# [ASSIGNMENT]
Exactly the lines from the one containing "Store your Photos, Videos, Notes, Files" through the one containing "To analyze the" in the listing below are to be copied, with the pictures left out.

# [SUPPLIED MATERIAL]

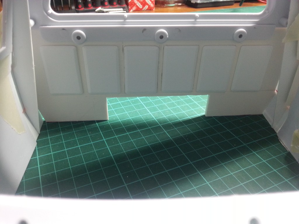 Das Fahrerhaus besteht ja inzwischen aus sieben Einzelteilen. Drei Teile davon gehören zum Baukasten, Karosserie, Dachelement und das Rückfenster. Zwei Seitenteile, die Rückwand und der untere Rückwandabschluss wurden individuell hergestellt. Im folgenden Bauabschnitt müssen diese selbst erstellten Einzelteile, mit dem Rest der Bauteile verklebt werden. Um auch zukünftig Zugang zum Innenraum zu haben, wird im Endausbau der Fahrerhausboden horizontal vom Fahrerhaus trennbar sein.
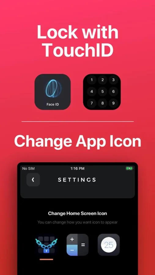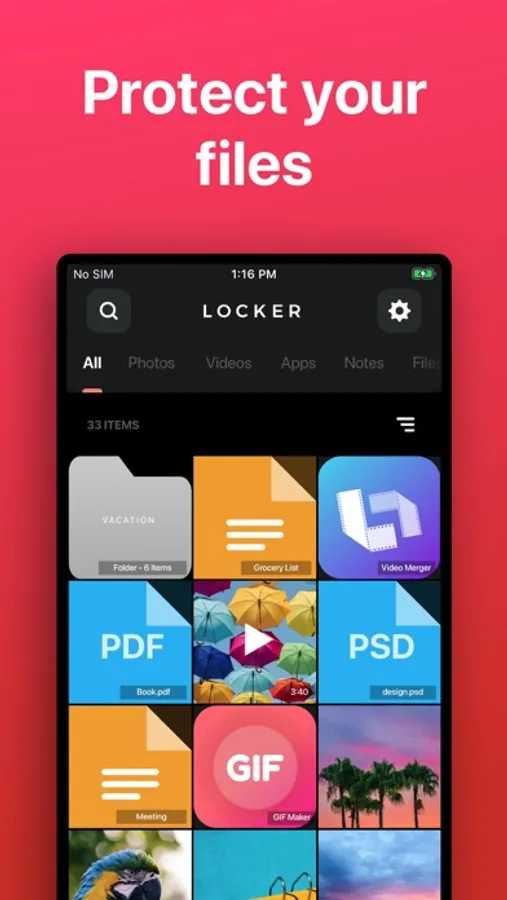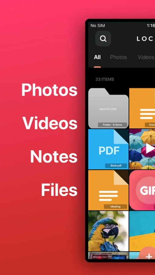 Store your Photos, Videos, Notes, Files and App Links behind FaceID/TouchID protection!
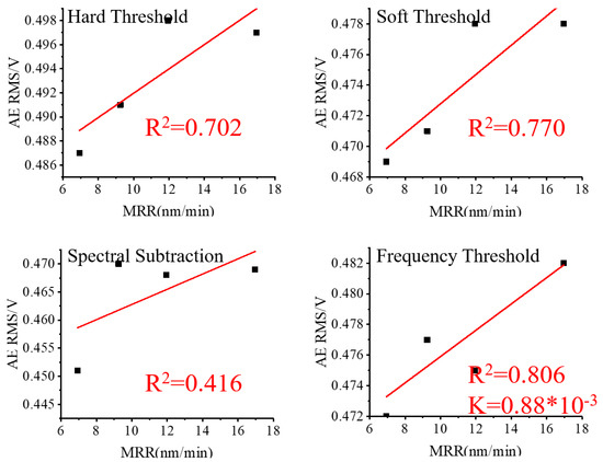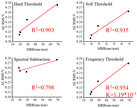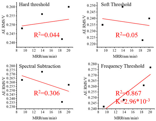To analyze the impact of various noise reduction methods, the RMS values of the three sets of lapping signals after noise reduction were linearly fitted to their corresponding values of MRR and plotted in Figure 10, Figure 11 and Figure 12.
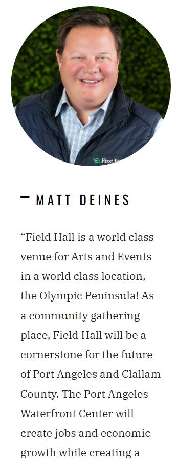 Despite the mounting red flags, Deines remains in positions of influence over the county’s economy and cultural infrastructure. He’s still on the board at the EDC—an agency responsible for steering business strategy and attracting new investment to Clallam County. He’s still helping shape policy and fundraising at Field Hall—a major recipient of public and private support. And he still sits atop Meriwether Capital’s leadership, an entity that may yet pose further financial risk.

# [WRITTEN SOLUTION]
 Store your Photos, Videos, Notes, Files and App Links behind FaceID/TouchID protection!
To analyze the impact of various noise reduction methods, the RMS values of the three sets of lapping signals after noise reduction were linearly fitted to their corresponding values of MRR and plotted in Figure 10, Figure 11 and Figure 12.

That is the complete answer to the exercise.